Honestly, I am not ready to personally disavow the term "ally", like I am not ready to personally reject "feminism" as inadequate due to its history of transphobia, of racism, of classism.  (Though I would also feel appropriative taking to womanism or anything like that, as I have never and can never find that feminism does not represent or fight for me as a woman.  Because I'm not a woman.  For me, I find it better to understand people in those two categories as Doing It Wrong.  I can recognize that the idea of "allies" can build coalitions and empower persons who may feel it would be otherwise appropriative for them to participate in anti-oppression causes due to their privilege, while remaining aware of the possibility of and critical of unexamined privilege.

As before, I am not going to assert that people have to accept my understanding or to accept my identification as an "ally" if I were to ever adopt it.
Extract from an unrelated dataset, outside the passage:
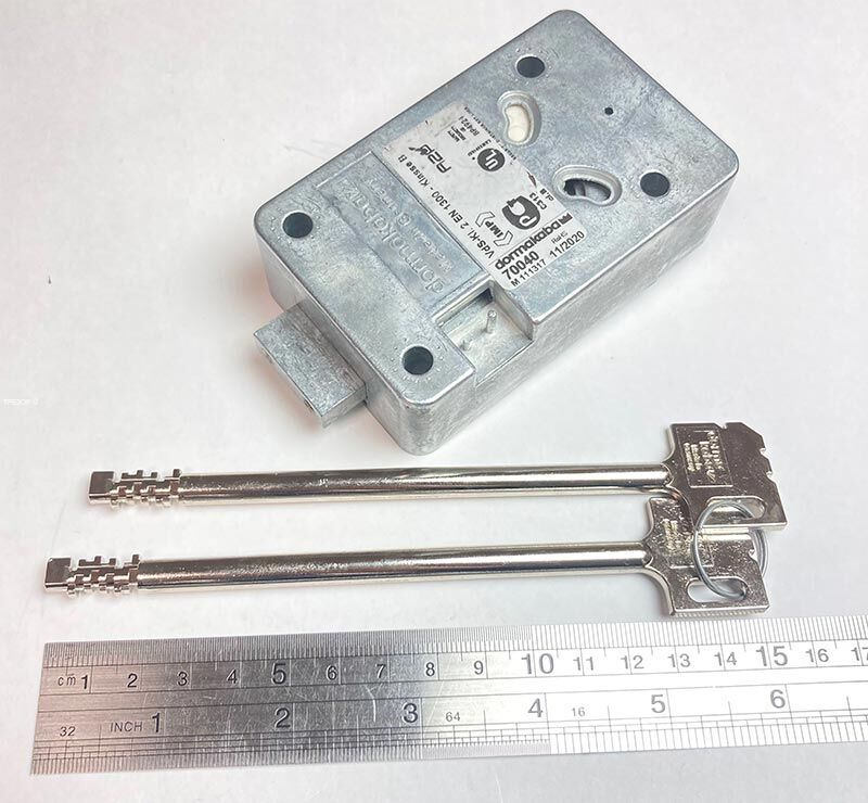 Перекодируемый ключевой замок Mauer Varos 70040 класса B в комплекте с 2 ключами длиной 135 мм и специальными крепёжными болтами. Устанавливается в качестве базового замка на сейфы и двери KASO с III до V класса взломостойкости. Возможность легко перекодировать этот замок позволяет минимизировать риски того, что кто-то сумел скопировать или сделать дубликат ключей. Достаточно просто купить другую пару ключей и прописать их в замок, предварительно "стерев" предыдущие.
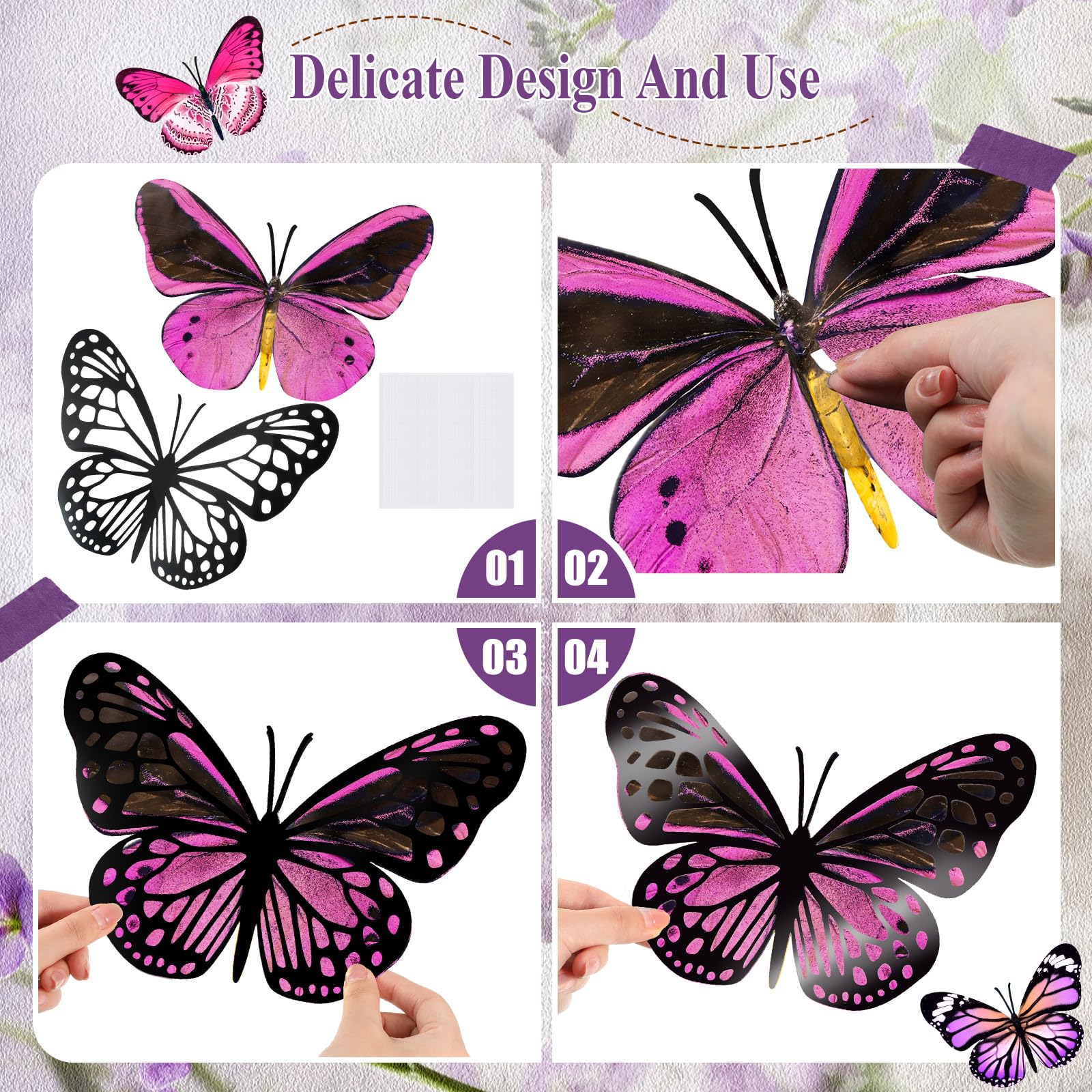 - Charming Gift Options: large 3D butterfly wall stickers take classic purple and rose red colors, which can bring you a pleasant visual effect, you can share them with friends, family members, adding charm to their living space

I'm not sure what I am trying to say here.  I think I am just trying to put together how I feel about something I've been reading and thinking about.  I think I am more optimistic because I feel like I have seen that there are anti-racist queer activists and Marxist feminist activists and queer disability rights activists and people able to navigate all these issues.  I know people who could easily be the stereotypically clueless feminists but instead are constantly willing to read and listen and learn.  I have seen my own transformations, slowly absorbing anti-oppression works around me and learning to be aware enough to see all this around me.  I have friends who listened to me stumble my way through explaining what I feel are problematic aspects of things and they were able to appreciate my attempts without demanding I kowtow to their own sense of pride and progressivism.

I just feel good about it, even when I am pissed about it.  Maybe I'm just still young.

*This is an article focused on the first in feminism, but I dislike how it attempts to negate someone's sexual identity, even if that person is a complete ass.